Start of Records for the exercise
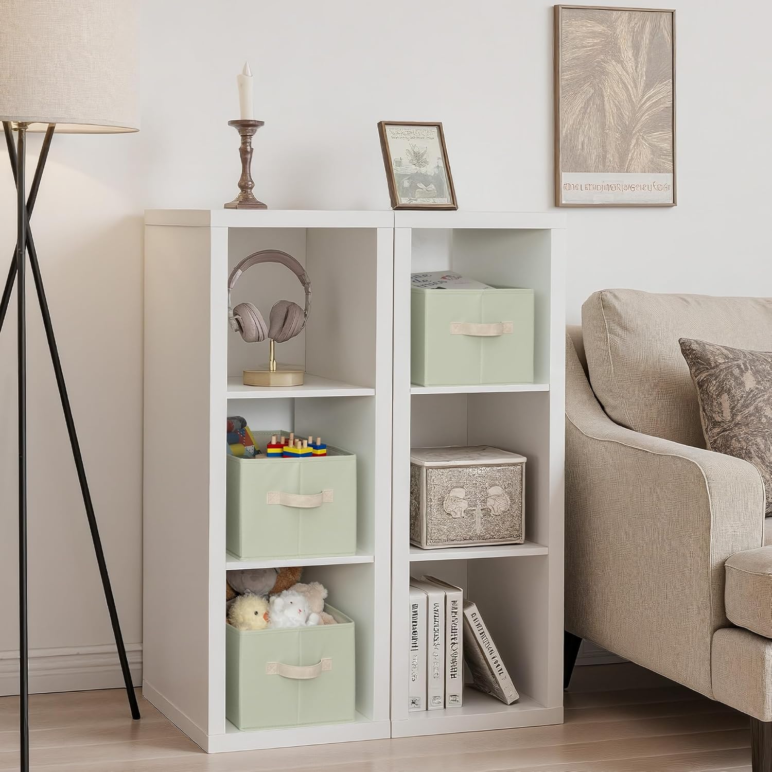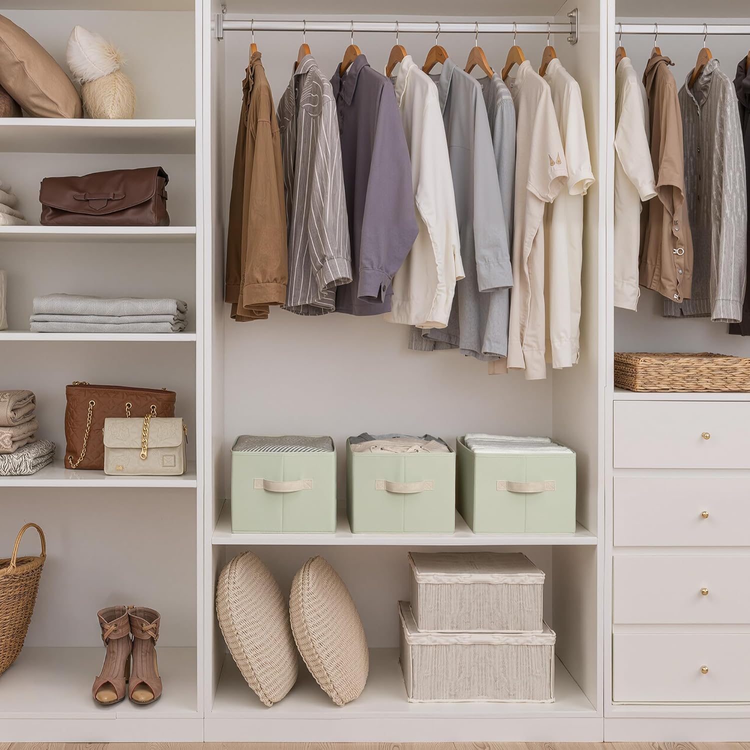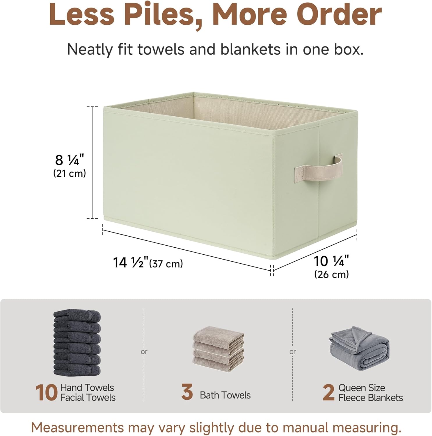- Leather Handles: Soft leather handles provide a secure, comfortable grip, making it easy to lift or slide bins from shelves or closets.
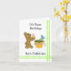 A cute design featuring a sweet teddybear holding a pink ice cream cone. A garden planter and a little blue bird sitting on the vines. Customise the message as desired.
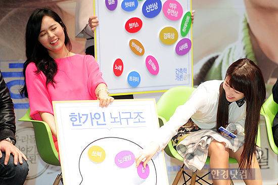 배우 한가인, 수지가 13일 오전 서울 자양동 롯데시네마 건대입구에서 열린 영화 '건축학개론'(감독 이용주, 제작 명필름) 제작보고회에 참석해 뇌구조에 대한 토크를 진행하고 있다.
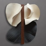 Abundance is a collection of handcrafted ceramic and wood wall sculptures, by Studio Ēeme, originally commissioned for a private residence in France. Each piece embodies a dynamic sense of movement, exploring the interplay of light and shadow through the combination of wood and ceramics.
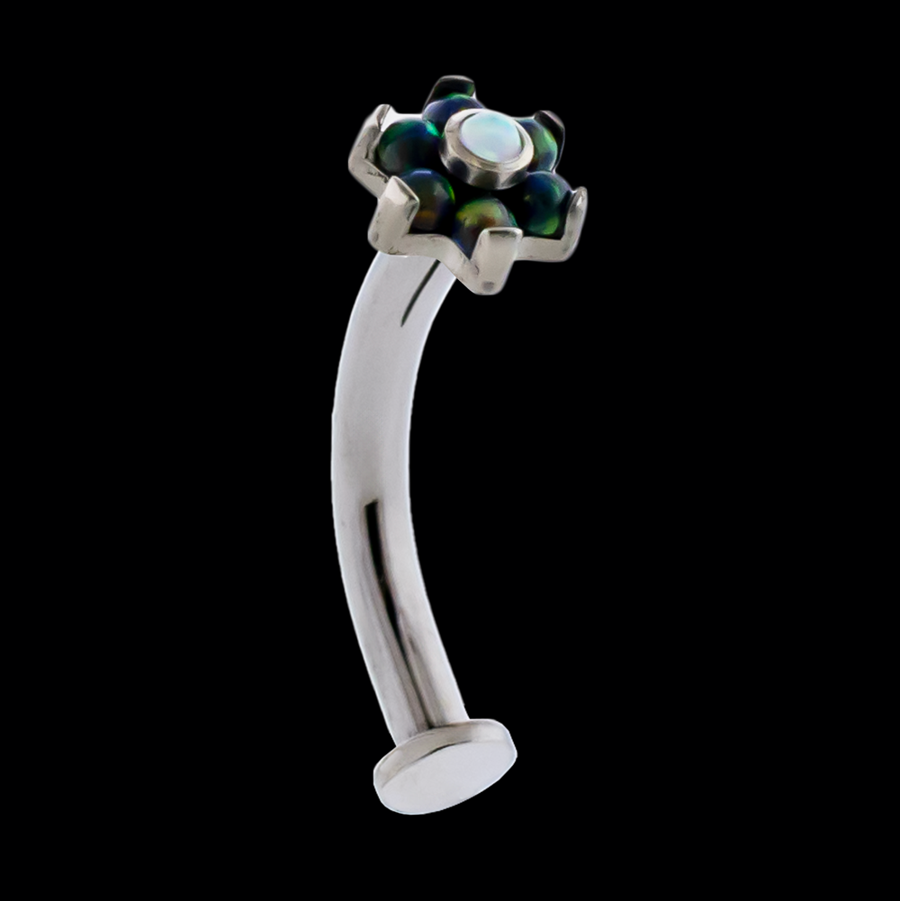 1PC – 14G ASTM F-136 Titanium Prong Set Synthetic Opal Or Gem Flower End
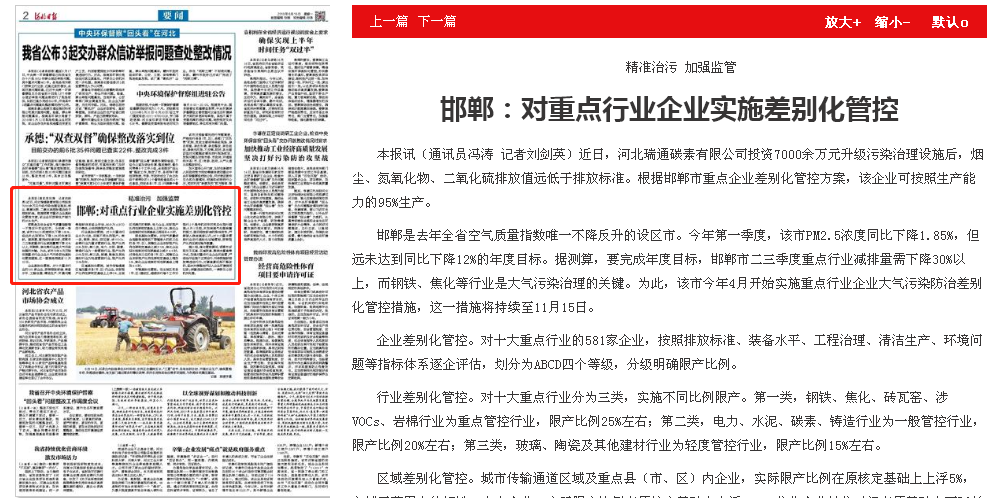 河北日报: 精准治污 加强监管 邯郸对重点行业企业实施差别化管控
End of Records for the exercise
Start of Records for the exercise
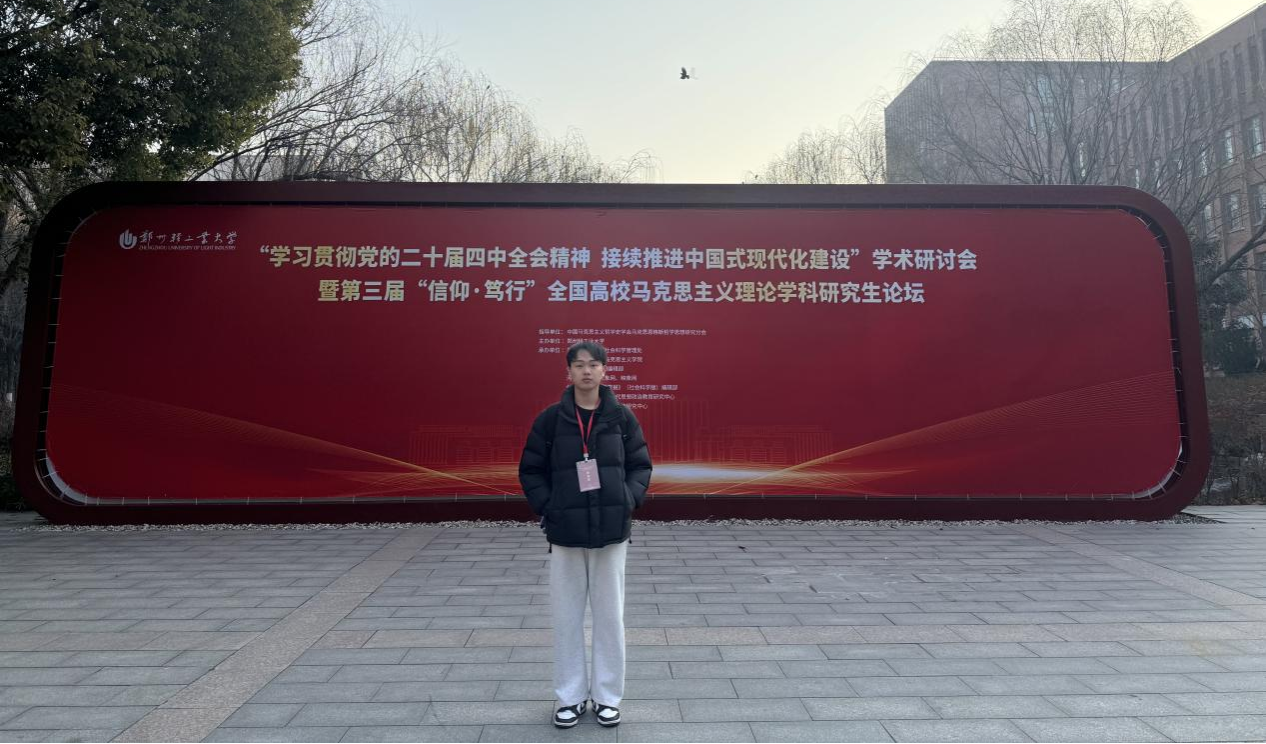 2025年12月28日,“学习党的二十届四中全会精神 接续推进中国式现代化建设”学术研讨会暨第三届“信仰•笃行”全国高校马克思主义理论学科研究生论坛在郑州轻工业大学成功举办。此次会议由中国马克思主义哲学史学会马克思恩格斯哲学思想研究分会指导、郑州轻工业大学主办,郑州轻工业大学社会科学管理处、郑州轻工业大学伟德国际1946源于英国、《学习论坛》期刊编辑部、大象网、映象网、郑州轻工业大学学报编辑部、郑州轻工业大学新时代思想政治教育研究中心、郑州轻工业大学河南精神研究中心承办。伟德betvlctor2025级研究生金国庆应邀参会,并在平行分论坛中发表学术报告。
End of Records for the exercise
◆ Your task: Reproduce the listing above exactly from the line containing "- Leather Handles: Soft" up to and including the line containing "河北日报: 精准治污 加强监管 邯郸对重点行业企业实施差别化管控", omitting any images and everything outside those lines.

◆ Task answer:
- Leather Handles: Soft leather handles provide a secure, comfortable grip, making it easy to lift or slide bins from shelves or closets.
 A cute design featuring a sweet teddybear holding a pink ice cream cone. A garden planter and a little blue bird sitting on the vines. Customise the message as desired.
 배우 한가인, 수지가 13일 오전 서울 자양동 롯데시네마 건대입구에서 열린 영화 '건축학개론'(감독 이용주, 제작 명필름) 제작보고회에 참석해 뇌구조에 대한 토크를 진행하고 있다.
 Abundance is a collection of handcrafted ceramic and wood wall sculptures, by Studio Ēeme, originally commissioned for a private residence in France. Each piece embodies a dynamic sense of movement, exploring the interplay of light and shadow through the combination of wood and ceramics.
 1PC – 14G ASTM F-136 Titanium Prong Set Synthetic Opal Or Gem Flower End
 河北日报: 精准治污 加强监管 邯郸对重点行业企业实施差别化管控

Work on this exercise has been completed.